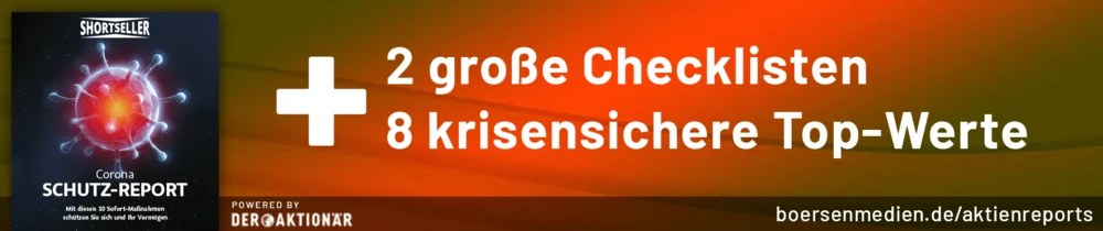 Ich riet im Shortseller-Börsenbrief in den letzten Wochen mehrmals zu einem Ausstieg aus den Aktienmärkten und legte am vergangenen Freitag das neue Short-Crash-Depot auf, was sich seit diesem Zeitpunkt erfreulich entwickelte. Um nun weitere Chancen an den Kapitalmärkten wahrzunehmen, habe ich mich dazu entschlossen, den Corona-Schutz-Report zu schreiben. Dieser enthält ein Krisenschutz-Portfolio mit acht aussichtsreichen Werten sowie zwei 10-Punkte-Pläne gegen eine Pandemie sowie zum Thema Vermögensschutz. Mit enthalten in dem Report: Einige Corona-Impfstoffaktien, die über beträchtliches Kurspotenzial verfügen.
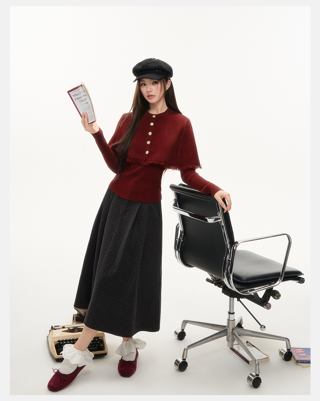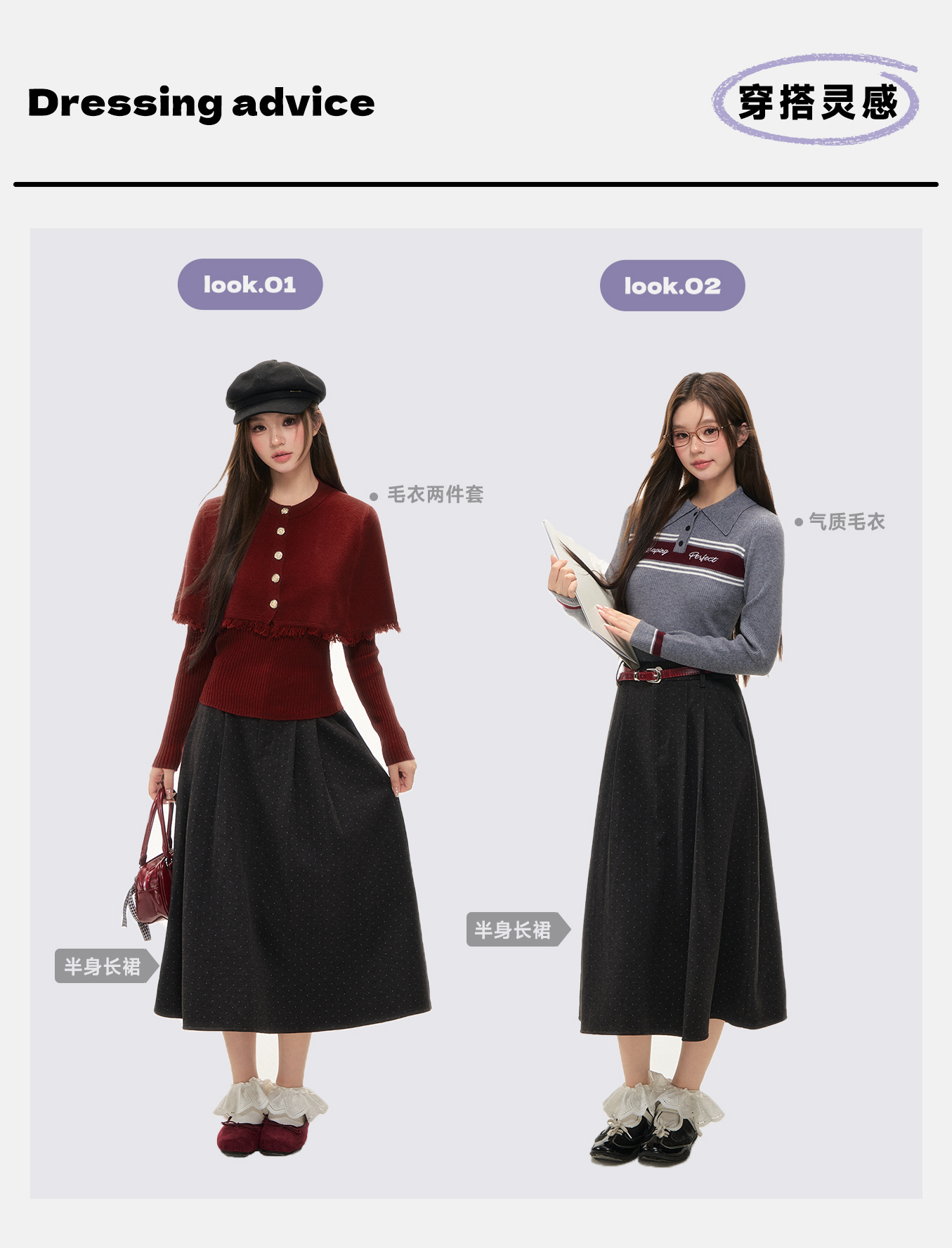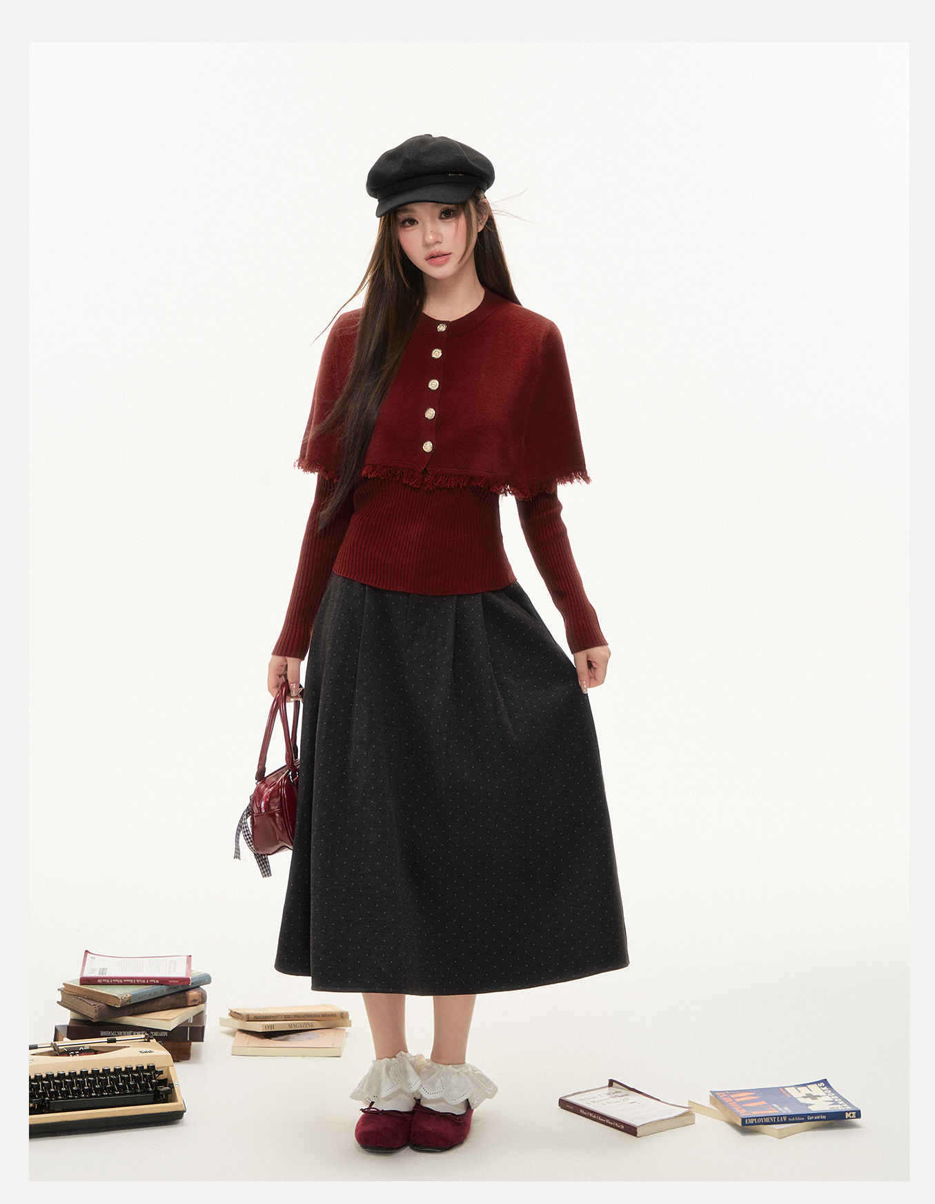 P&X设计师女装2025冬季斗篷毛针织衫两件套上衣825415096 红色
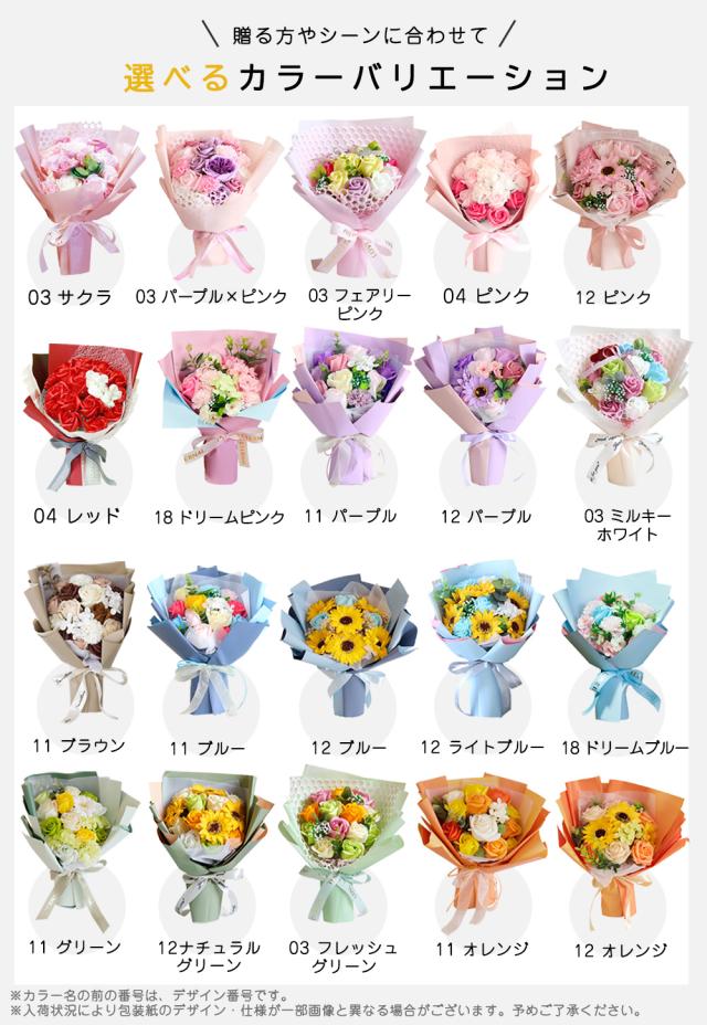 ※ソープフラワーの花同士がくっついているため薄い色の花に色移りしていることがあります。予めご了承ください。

### [AIM OF THE TASK]
Word for word, reproduce the listing above; no image should be carried over.

### [ANSWER TO THIS EXERCISE]
 Ich riet im Shortseller-Börsenbrief in den letzten Wochen mehrmals zu einem Ausstieg aus den Aktienmärkten und legte am vergangenen Freitag das neue Short-Crash-Depot auf, was sich seit diesem Zeitpunkt erfreulich entwickelte. Um nun weitere Chancen an den Kapitalmärkten wahrzunehmen, habe ich mich dazu entschlossen, den Corona-Schutz-Report zu schreiben. Dieser enthält ein Krisenschutz-Portfolio mit acht aussichtsreichen Werten sowie zwei 10-Punkte-Pläne gegen eine Pandemie sowie zum Thema Vermögensschutz. Mit enthalten in dem Report: Einige Corona-Impfstoffaktien, die über beträchtliches Kurspotenzial verfügen.
 P&X设计师女装2025冬季斗篷毛针织衫两件套上衣825415096 红色
 ※ソープフラワーの花同士がくっついているため薄い色の花に色移りしていることがあります。予めご了承ください。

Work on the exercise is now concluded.